A small rat bite can be almost unnoticeable and can cause infection quickly.

And undergunfire your experience as a human handling rats is completely irrelevant to this. You're talking about human-rat interaction, Mycobacterium lepraemurium very rarely infects humans, your bites are completely different to the bites that a rabbit may suffer.


----------



## undergunfire (Aug 17, 2009)

*Saudade wrote: *


> *Simply_Love wrote: *
> 
> 
> > Oh dear, oh dear, is this seriously going to turn into a "rats are disease carrying vermin" thing? Most rats, both pet and wild, do not carry diseases that are transferable. Viruses are typically species specific, and the ones that can be transfered through species are rare. Unless the rats in question have been living in sewers in a city with very poor hygiene, they're more than likely disease free.
> ...



Any bite from any animal (to a human or another animal) can cause infection, which is obvious. I wouldn't entirely pick on rats....cats have been known to kill rabbits from bites or even scratches.

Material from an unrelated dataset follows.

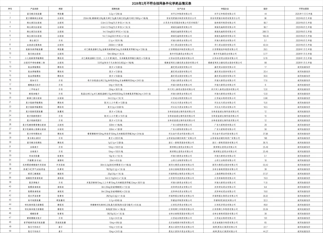 附:2026年2月不符合挂网条件化学药品情况表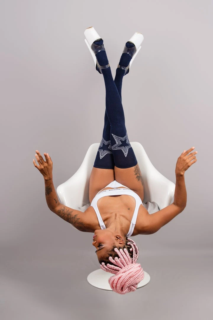 Escape from this crazy world and dance with the stars. Navy socks with white star design.

The reason why all of this is not a big deal is because rats shouldn't be allowed to interact with other small animal species such as mice, rabbits, guinea pigs.....hence the reason why I don't see that this illness/virus/whatever is a big deal. As I said before...rats use their hands more then their teeth. For rats, I find the teeth are the last straw. This is all as long as the owner follows this rule. If you have a clueless owner...then you will possibly have issues.


----------



## Simply_Love (Aug 17, 2009)

*Saudade wrote: *


> *Simply_Love wrote: *
> 
> 
> > Oh dear, oh dear, is this seriously going to turn into a "rats are disease carrying vermin" thing? Most rats, both pet and wild, do not carry diseases that are transferable. Viruses are typically species specific, and the ones that can be transfered through species are rare. Unless the rats in question have been living in sewers in a city with very poor hygiene, they're more than likely disease free.
> ...



Yes, I do know not all diseases are caused by viruses  And yes, ALL animals mouths have massive amounts of bacteria in them. I know a lady who works with preschoolers. One day a little girl had a tantrum and bit her on the arm. Now, this lady is very involved with animal rescue, and has been seriously bitten dozens of times by dogs, cats, rats, ect., and the bit from the little girl was the worst of them all. It turned colors in a few days, and she had to be put on antibiotics. That never happened to her with any other animal. Does that mean we should treat each and every preschooler as if they are carrying a deadly disease? No, because I'm pretty sure parents would have a major issue with it and sue. Rat owners are going to get peeved as well if someone comes in saying," all rats carry blah blah blah, and they're going to bite everyone and infect them."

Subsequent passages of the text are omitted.